Every record below should be repeated exactly, with the pictures left out.

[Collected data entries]

▶

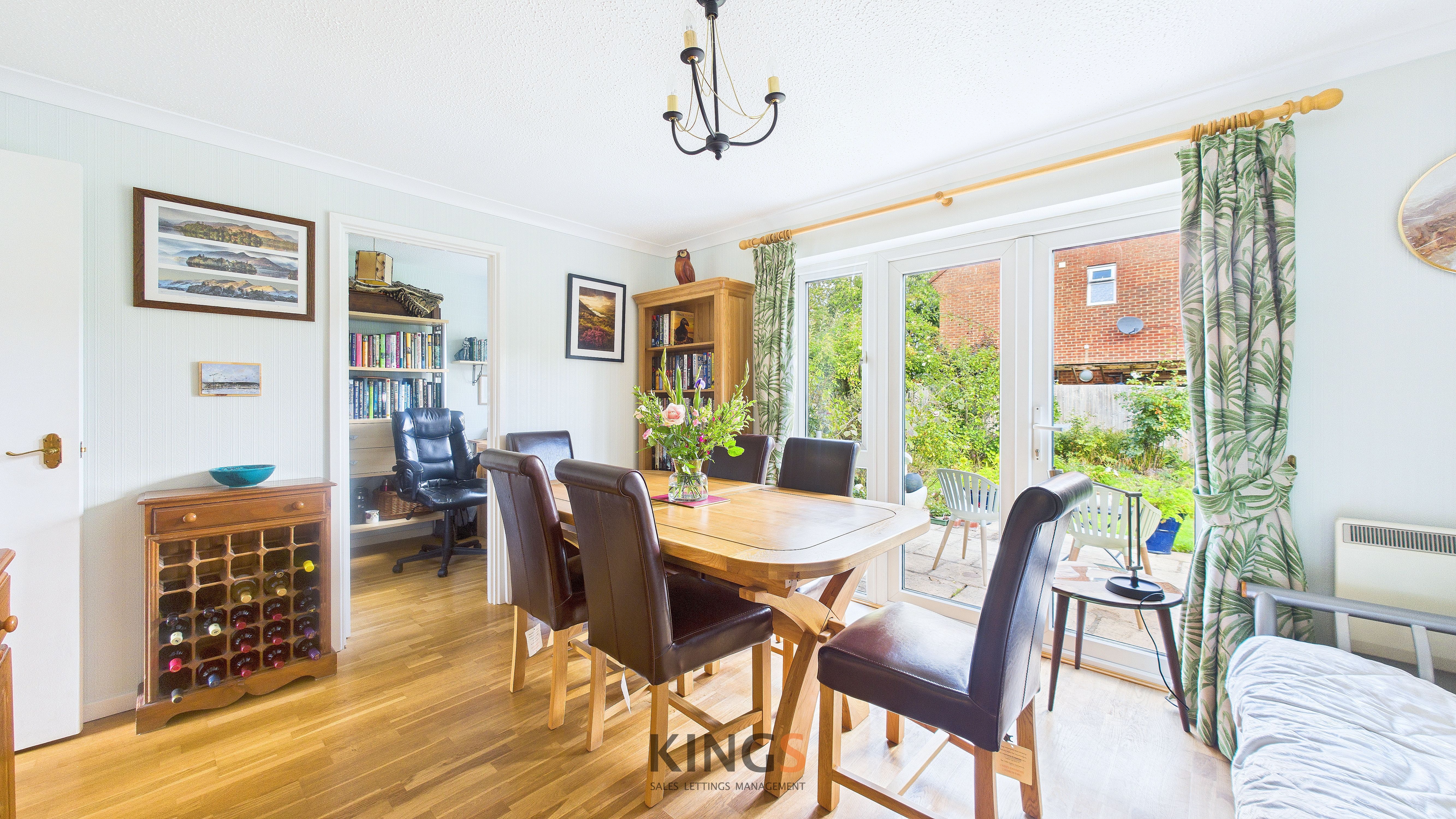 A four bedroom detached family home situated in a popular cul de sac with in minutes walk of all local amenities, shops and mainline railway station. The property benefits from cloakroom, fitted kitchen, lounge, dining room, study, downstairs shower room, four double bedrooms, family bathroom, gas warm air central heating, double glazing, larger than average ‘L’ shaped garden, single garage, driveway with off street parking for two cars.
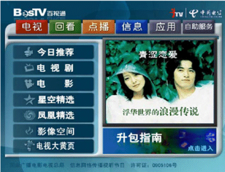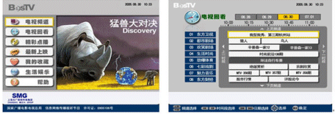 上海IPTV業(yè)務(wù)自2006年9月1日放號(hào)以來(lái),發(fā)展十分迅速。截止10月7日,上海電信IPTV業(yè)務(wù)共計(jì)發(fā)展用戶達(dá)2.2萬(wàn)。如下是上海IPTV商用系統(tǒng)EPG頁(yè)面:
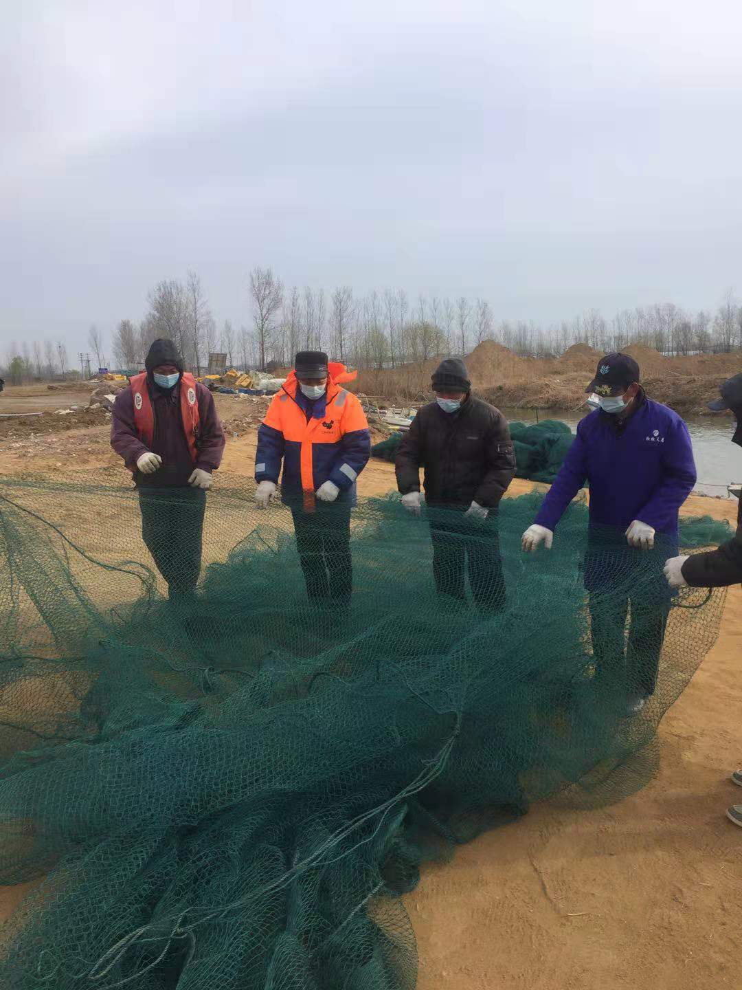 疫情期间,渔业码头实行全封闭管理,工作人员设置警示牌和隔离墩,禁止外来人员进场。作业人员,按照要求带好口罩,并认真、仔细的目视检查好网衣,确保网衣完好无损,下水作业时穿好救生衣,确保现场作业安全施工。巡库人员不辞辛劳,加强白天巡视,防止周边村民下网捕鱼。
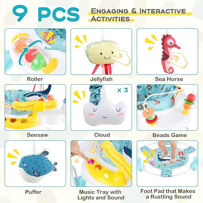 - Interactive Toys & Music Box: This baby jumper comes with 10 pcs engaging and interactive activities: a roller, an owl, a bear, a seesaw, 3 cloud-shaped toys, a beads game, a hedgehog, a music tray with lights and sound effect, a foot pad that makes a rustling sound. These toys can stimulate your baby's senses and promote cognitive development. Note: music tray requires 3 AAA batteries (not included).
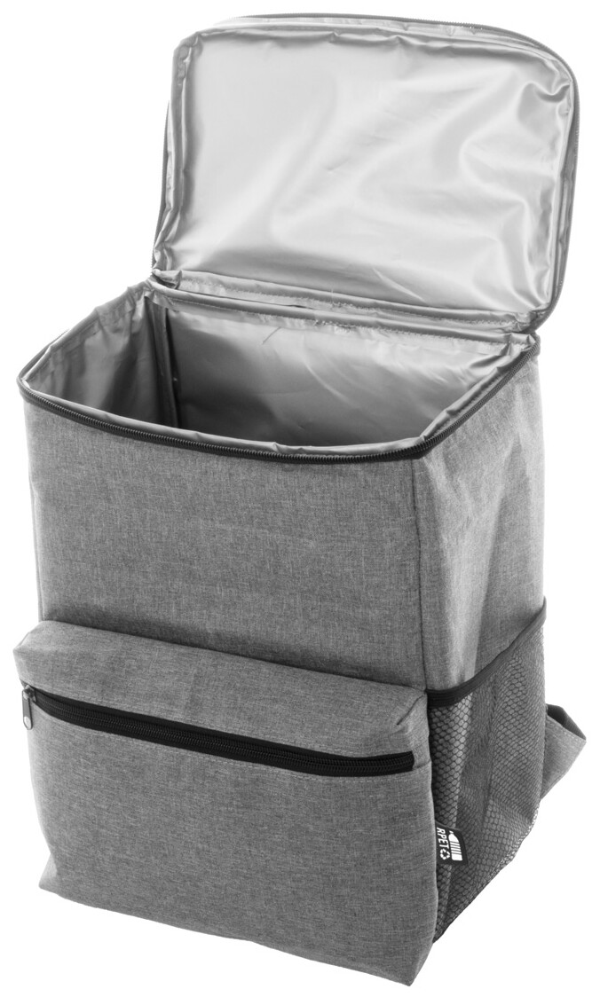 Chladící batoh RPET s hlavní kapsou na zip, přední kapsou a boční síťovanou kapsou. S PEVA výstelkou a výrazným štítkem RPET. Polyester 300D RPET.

◀

[Written answer]
 A four bedroom detached family home situated in a popular cul de sac with in minutes walk of all local amenities, shops and mainline railway station. The property benefits from cloakroom, fitted kitchen, lounge, dining room, study, downstairs shower room, four double bedrooms, family bathroom, gas warm air central heating, double glazing, larger than average ‘L’ shaped garden, single garage, driveway with off street parking for two cars.
 上海IPTV業(yè)務(wù)自2006年9月1日放號(hào)以來(lái),發(fā)展十分迅速。截止10月7日,上海電信IPTV業(yè)務(wù)共計(jì)發(fā)展用戶達(dá)2.2萬(wàn)。如下是上海IPTV商用系統(tǒng)EPG頁(yè)面:
 疫情期间,渔业码头实行全封闭管理,工作人员设置警示牌和隔离墩,禁止外来人员进场。作业人员,按照要求带好口罩,并认真、仔细的目视检查好网衣,确保网衣完好无损,下水作业时穿好救生衣,确保现场作业安全施工。巡库人员不辞辛劳,加强白天巡视,防止周边村民下网捕鱼。
 - Interactive Toys & Music Box: This baby jumper comes with 10 pcs engaging and interactive activities: a roller, an owl, a bear, a seesaw, 3 cloud-shaped toys, a beads game, a hedgehog, a music tray with lights and sound effect, a foot pad that makes a rustling sound. These toys can stimulate your baby's senses and promote cognitive development. Note: music tray requires 3 AAA batteries (not included).
 Chladící batoh RPET s hlavní kapsou na zip, přední kapsou a boční síťovanou kapsou. S PEVA výstelkou a výrazným štítkem RPET. Polyester 300D RPET.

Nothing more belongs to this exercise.